Screened codes validated as an MI also showed significant changes over time. The proportion of validated MIs screened from ICD-9 code 410 decreased over time, along with ICD-9 411. Validated MIs from ICD-9 codes 412 to 414 and the other screened codes tended to increase over time (P<0.001).
Treatment modalities for acute incident MI changed significantly over the years. In 1987 to 1990, 24% of patients received thrombolytic therapy, but by 1999 to 2002, this treatment was provided to only 10%. Those receiving percutaneous coronary intervention during the initial hospitalization increased from 16% of the population in 1987 to 90% to 34% in 1999 to 2002. Use of coronary artery bypass grafting was relatively stable during the course of the study.
Severity Indicators: Overall Results
The age-, sex-, and race-adjusted percent of incident MI cases with major ECG abnormalities decreased over time (Table 2 and Figure 2).

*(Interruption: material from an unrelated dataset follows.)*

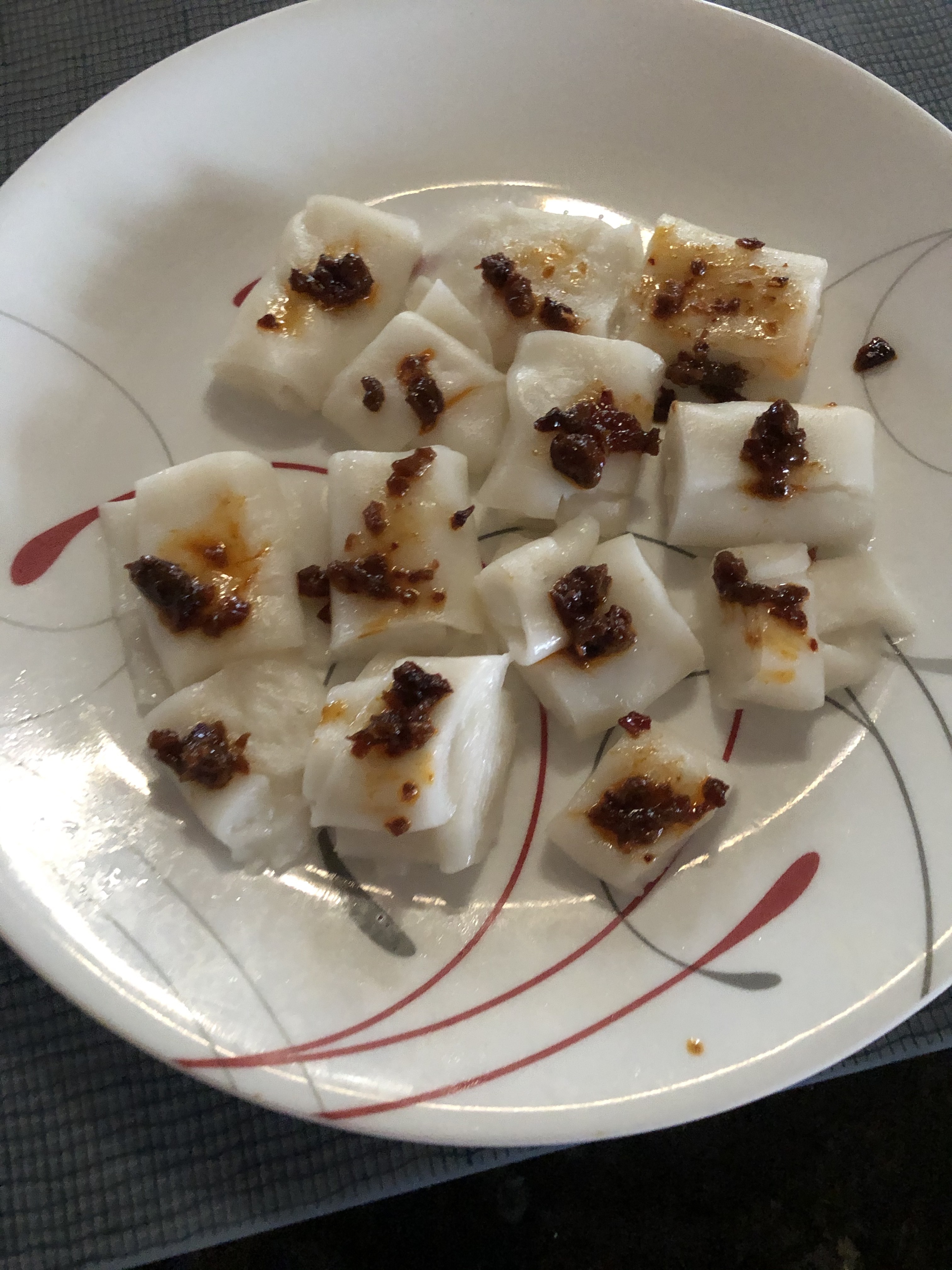 Here are 2 pictures of the soft rice dim sum I purchased recently. It cost $1.79 / pack. They are soft and ready to eat as is. I cut mine into smaller serving piece, added sauce ( Kikkoman ponzu citrus dressing + XO + chili crisp ) as shown . Sometimes, I cook meat and. vegetable separately similar to preparing Jap Chae and add this in

The decline was significant in all categories of abnormalities and included an average change of −1.9%/y (95% CI, −2.6 to −1.1) in the proportion of events with an initial ST-segment elevation, −3.9%/y (95% CI, −5.2 to −2.5) in the proportion with a new Q wave, and −4.5%/y (95% CI, −5.5 to −3.4) in the proportion with any major Q wave. A statistically nonsignificant decrease in patients with a new subsequent ST-segment elevation was found (−1.5%/y). There was a nonsignificant increase of 2.7%/y in those with left bundle-branch block (P=0.124). By sex, there was an annual increase in left bundle branch of 7.3%/y for women (P=0.009) and a decrease of 1%/y for men (P=0.6510).

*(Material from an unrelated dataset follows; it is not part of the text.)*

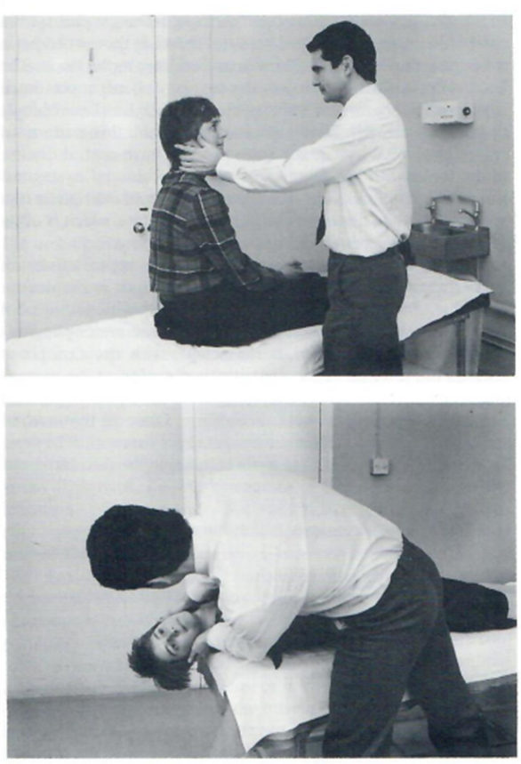 The history is of vertigo – i.e. a sensation of unreal movement – that lasts for a while, not moments- and which may be associated with nausea. Its onset is associated with some turning movement but this may be obscured in the history. The general ENT and neurological examination is usually normal but the Hallpike test is often positive. In this test the patient is sat upon a couch with the doctor standing on one side. The patient’s head is held by the doctor and turned so that their eyes meet. The patient is then rapidly laid back so that their head is turned to one side, lying below couch level and their eyes are looking into the examiner’s eye. This is illustrated by diagrams a and b below.

Overall, the percent of incident MI cases with abnormal biomarkers declined modestly but statistically significantly (−0.7%/y; 95% CI, −1.0 to −0.3). Maximum CK and CK-MB values declined significantly over time (−5.2%/y and −7.6%/y, respectively), whereas maximum troponin values showed a small decline that did not reach significance. Overall, the percent meeting criteria for definite MI declined significantly from 1987 to 2002 (−1.9%/y; 95% CI, −2.3 to −1.5), so correspondingly, the proportion with probable MI rose. The composite severity score, the PREDICT score, also declined modestly but statistically significantly (−0.2%/y; 95% CI, −0.2 to −0.1).
Previous analysis of the ARIC data suggested that the addition of troponin has resulted in ≈12% more MIs than with CK and CK-MB biomarkers; therefore, we ran our analysis again, this time excluding MIs detected only by biomarkers. The trends were slightly attenuated but remained significant, indicating that use of troponins did not influence our findings (see Tables 1b and 2b of the online Data Supplement).

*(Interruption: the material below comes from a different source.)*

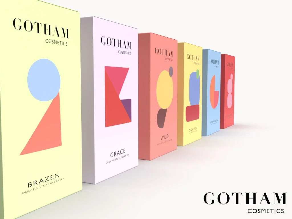 Gotham Cosmetics is a personal project. I wanted to explore shape and color in a way that was simple and dynamic. Each box explore these guidelines.

There were mixed results for hemodynamic parameters. The percentage who had cardiogenic shock at presentation or at any time during the hospitalization declined over time (−5.7%/y; 95% CI, −8.4 to −2.9). Those with congestive heart failure at presentation or during hospitalization trended downward, but this trend did not reach statistical significance. Of note, the total number of MI cases with shock or congestive heart failure was relatively small. The percent with systolic blood pressure ≤100 mm Hg was unchanged, whereas the proportion with abnormal pulse rate (<60 or >100 bpm) at presentation increased moderately. A particular strength of the ARIC Study is that many codes were screened for a diagnosis of acute MI and allowed an accurate measure of case fatality. Table 2 shows that 28-day case fatality appeared to decline with borderline significance (−2.2%/y; P=0.05).
Sex and Race
Sex-specific models of incident MI indicated that the results for men and women largely paralleled the overall results of the study. Potential effect modification was found for trends in the proportion with abnormal enzymes (women, −0.1%/y; men, −1.0%/y; P=0.04 for effect modification). There was possible race effect modification for subsequent Q wave (blacks, −0.8%/y; whites, −4.5%/y; interaction P=0.104) and proportion adjudicated as a definite MI (blacks, −1.1%/y; whites, −2.1%/y; interaction P=0.139). All other indexes of MI severity tended to be largely similar for whites and blacks. Given the number of interactions tested (18 for sex, 18 for race in women, 18 for race in men), these potential interactions may be due to chance.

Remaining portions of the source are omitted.